[Start of Attachment]

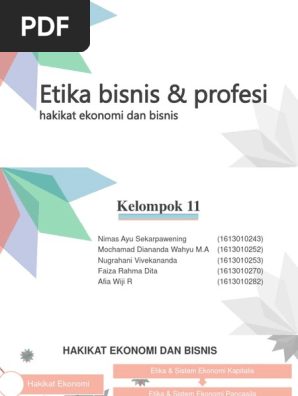 MAKALAH ETIKA BISNIS DAN PROFESI "Hakikat Ekonomi dan Bisnis" Kelompok V Masrina Erika wati Latifa fadillah Asmawarni Jurusan akuntansi Fakultas ekonomi dan bisnis Universitas muhammadiyah makassar 2016 KATA PENGANTAR Puji syukur kami panjatkan kehadirat Tuhan Yang Maha Esa karena dengan rahmat, karunia, serta taufik dan hidayah-Nya kami dapat menyelesaikan makalah tentang "Hakikat ...
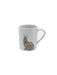 A fine icy white porcelain tea mug originally illustrated with a rabbit etching and wheel thrown in the USA.
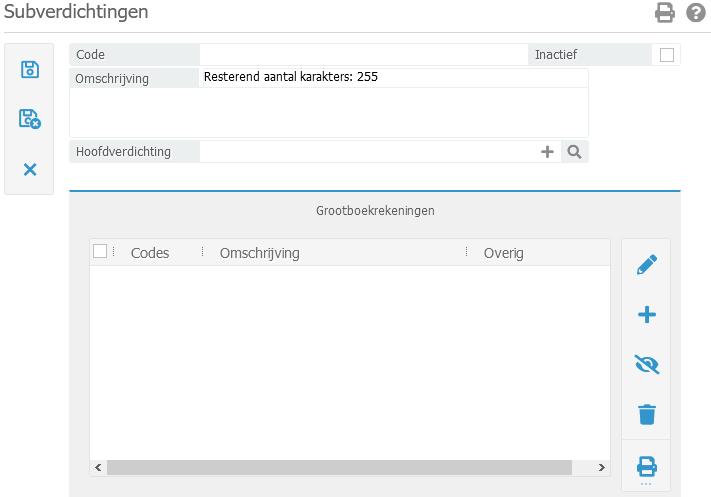 Administratie ➤ Stamgegevens ➤ Grootboekrekeningschema ➤ Subverdichtingen
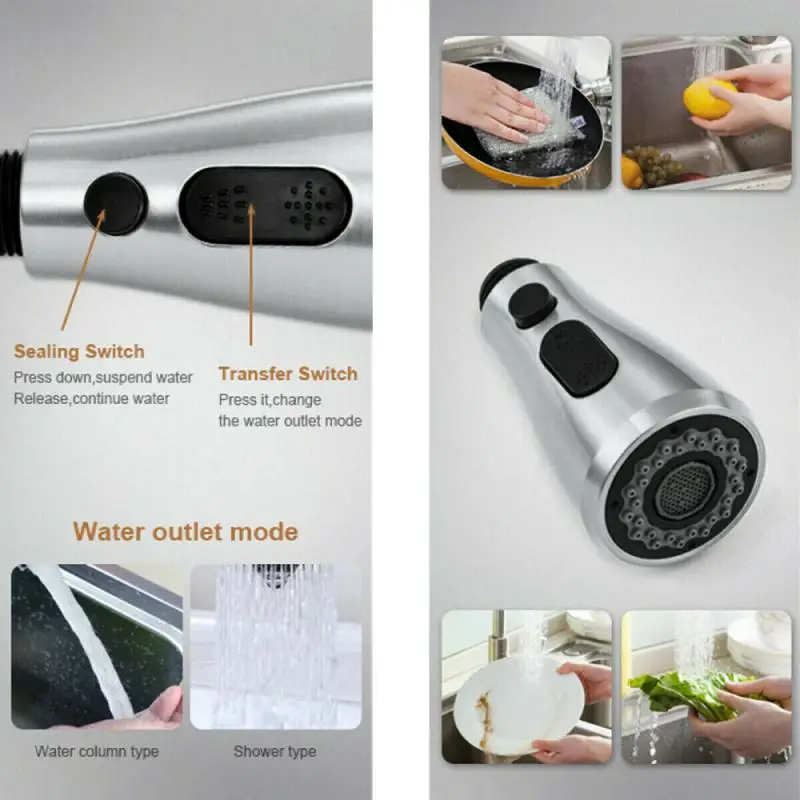 Designed with pause, spray and stream 2 modes. Easily switch between 2 modes by pushing button.
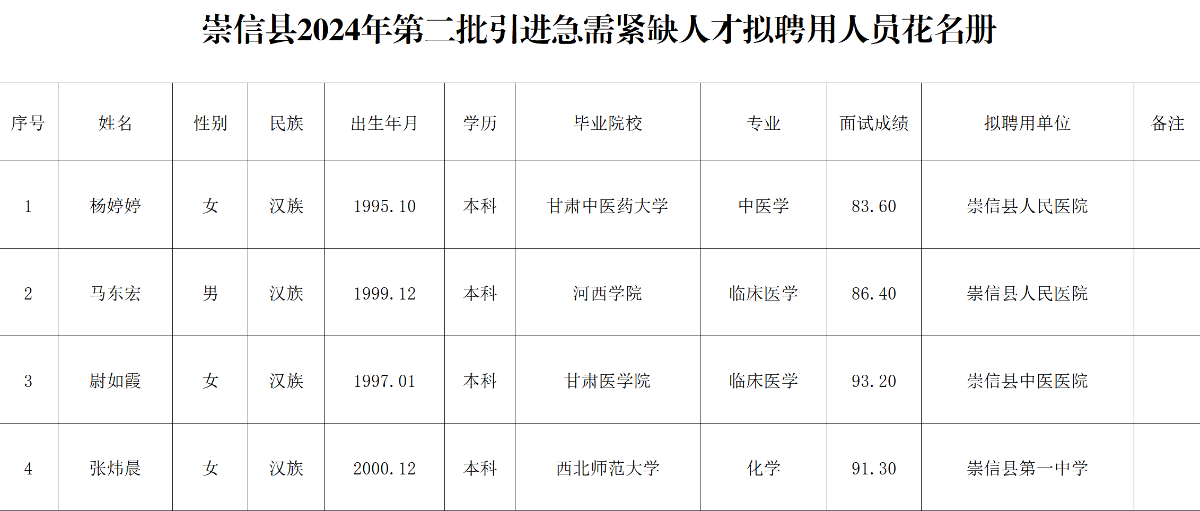 附件:崇信县2024年第二批引进急需紧缺人才拟聘用人员花名册
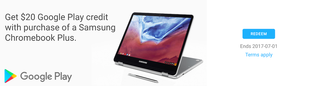 Multiple users have reported that they see a pop up when booting the Samsung Chromebook Plus for the first time, they just have to click on the “Redeem” button to have $20 added to their Play Store account instantly. Those who didn't see the pop up can also take advantage of this offer by heading to Google's “goodies” page from the Chromebook Plus. This offer is valid until July 1, 2017.
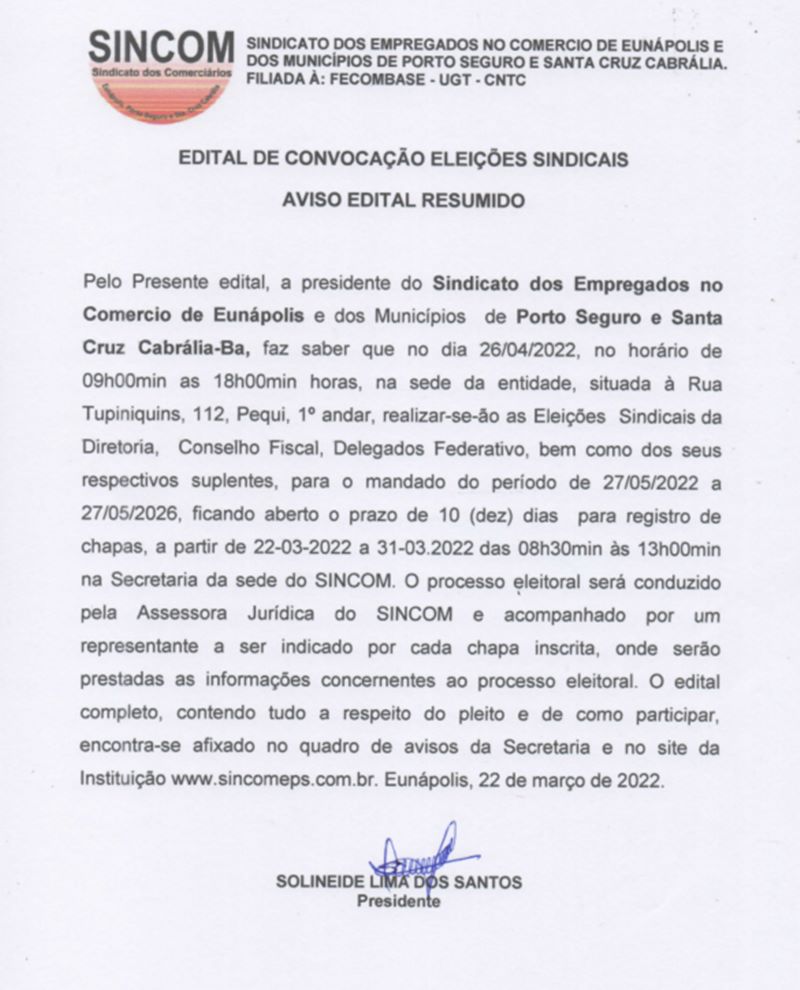 Eunápolis - Nesta terça-feira (22/03), o Sindicato dos Comerciários divulgou um edital de convocação de eleições sindicais.
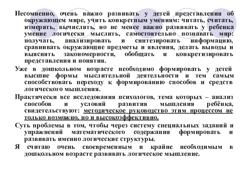 Уже в дошкольном возрасте необходимо формировать у детей высшие формы мыслительной деятельности и тем самым способствовать переходу к формированию способов и средств логического мышления.
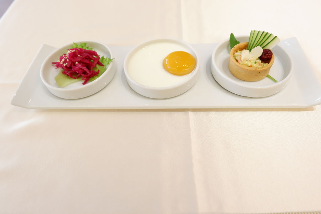 分子料理是近年來精心製作的前菜--桂香精緻臻品(奶素),服務上會詳細解說食用方式,依序是從小黃瓜塔塔醬塔→芒果奶酪→梅子醃製過的紫色高麗菜,避免小黃瓜塔塔醬塔會軟掉,清爽濃郁口感嚐來入口即化,最特別是看似月圓般的芒果奶酪,輕盈透明果膠包覆著淡雅甜酸的芒果汁,不小心戳破月圓般的芒果,奶酪吃起來超級無敵美味,清爽無負擔又很養生,而紫高麗菜絲酸甜開胃,幫助消化,說真的小鳥胃的人,來吃桂香套餐都可以足足抵上兩餐,很適合愈多人來吃品盛悅素軒更好,這樣大家都可以享受到美食!

[End of Attachment]

BRIEF:
Copy word for word the span of the records above that begins at the line with "附件:崇信县2024年第二批引进急需紧缺人才拟聘用人员花名册" and ends at the line with "Уже в дошкольном", including those two lines but not the pictures.

OUTPUT OF THE TASK:
 附件:崇信县2024年第二批引进急需紧缺人才拟聘用人员花名册
 Multiple users have reported that they see a pop up when booting the Samsung Chromebook Plus for the first time, they just have to click on the “Redeem” button to have $20 added to their Play Store account instantly. Those who didn't see the pop up can also take advantage of this offer by heading to Google's “goodies” page from the Chromebook Plus. This offer is valid until July 1, 2017.
 Eunápolis - Nesta terça-feira (22/03), o Sindicato dos Comerciários divulgou um edital de convocação de eleições sindicais.
 Уже в дошкольном возрасте необходимо формировать у детей высшие формы мыслительной деятельности и тем самым способствовать переходу к формированию способов и средств логического мышления.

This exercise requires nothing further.